### [Exercise goal]
An exact transcription of the listing, without its images, is what the answer must contain.

Top of Collected material

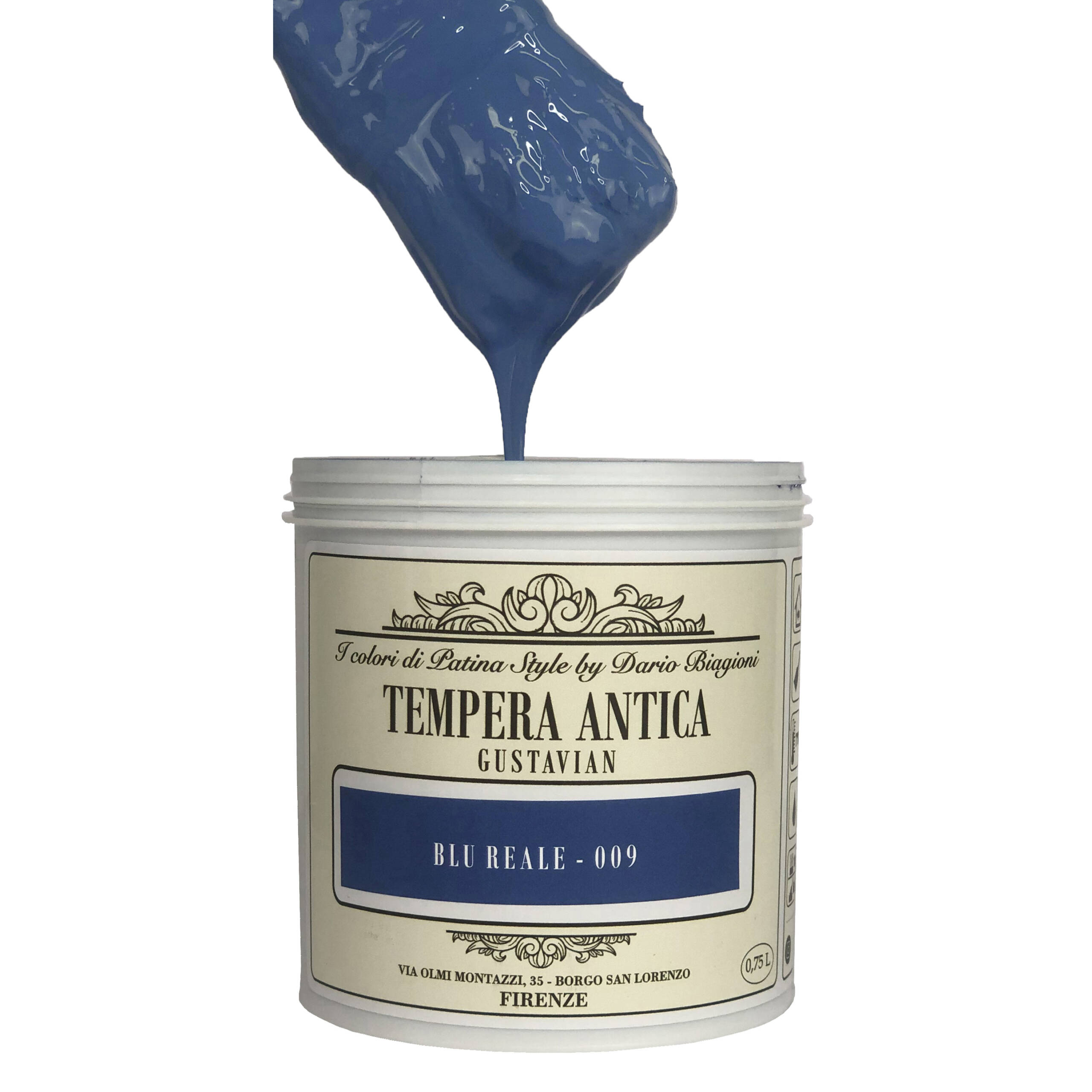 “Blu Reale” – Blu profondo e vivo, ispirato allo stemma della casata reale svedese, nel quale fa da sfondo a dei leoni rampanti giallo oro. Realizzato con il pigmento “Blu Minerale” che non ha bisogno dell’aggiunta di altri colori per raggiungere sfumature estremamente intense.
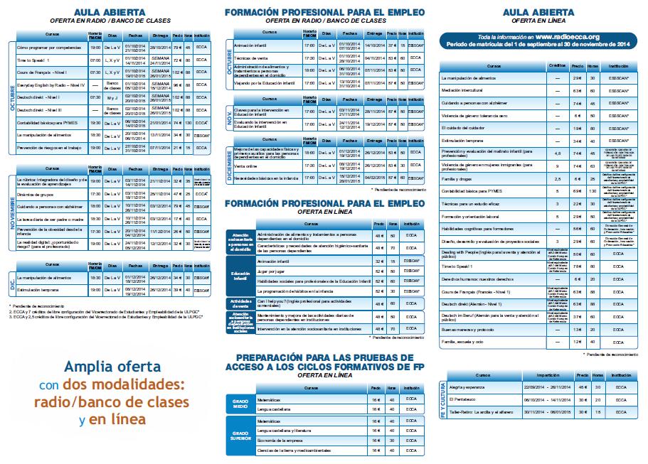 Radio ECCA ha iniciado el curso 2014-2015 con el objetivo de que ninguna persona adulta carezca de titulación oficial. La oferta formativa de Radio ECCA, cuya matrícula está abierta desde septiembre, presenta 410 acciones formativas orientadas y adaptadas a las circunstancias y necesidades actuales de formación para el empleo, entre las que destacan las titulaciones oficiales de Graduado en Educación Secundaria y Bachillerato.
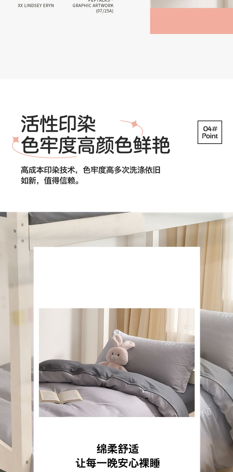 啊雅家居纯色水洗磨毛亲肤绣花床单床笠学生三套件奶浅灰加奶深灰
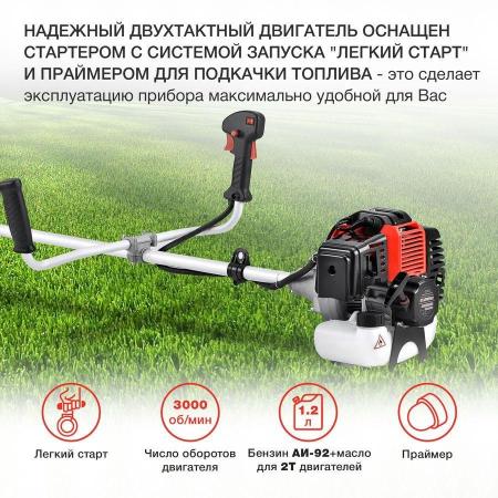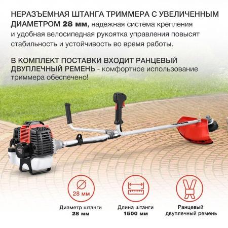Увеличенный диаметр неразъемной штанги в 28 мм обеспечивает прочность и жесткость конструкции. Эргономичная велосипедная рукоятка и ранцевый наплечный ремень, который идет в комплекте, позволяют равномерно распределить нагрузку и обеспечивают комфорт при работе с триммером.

Bottom of Collected material

### [Result]
 “Blu Reale” – Blu profondo e vivo, ispirato allo stemma della casata reale svedese, nel quale fa da sfondo a dei leoni rampanti giallo oro. Realizzato con il pigmento “Blu Minerale” che non ha bisogno dell’aggiunta di altri colori per raggiungere sfumature estremamente intense.
 Radio ECCA ha iniciado el curso 2014-2015 con el objetivo de que ninguna persona adulta carezca de titulación oficial. La oferta formativa de Radio ECCA, cuya matrícula está abierta desde septiembre, presenta 410 acciones formativas orientadas y adaptadas a las circunstancias y necesidades actuales de formación para el empleo, entre las que destacan las titulaciones oficiales de Graduado en Educación Secundaria y Bachillerato.
 啊雅家居纯色水洗磨毛亲肤绣花床单床笠学生三套件奶浅灰加奶深灰
Увеличенный диаметр неразъемной штанги в 28 мм обеспечивает прочность и жесткость конструкции. Эргономичная велосипедная рукоятка и ранцевый наплечный ремень, который идет в комплекте, позволяют равномерно распределить нагрузку и обеспечивают комфорт при работе с триммером.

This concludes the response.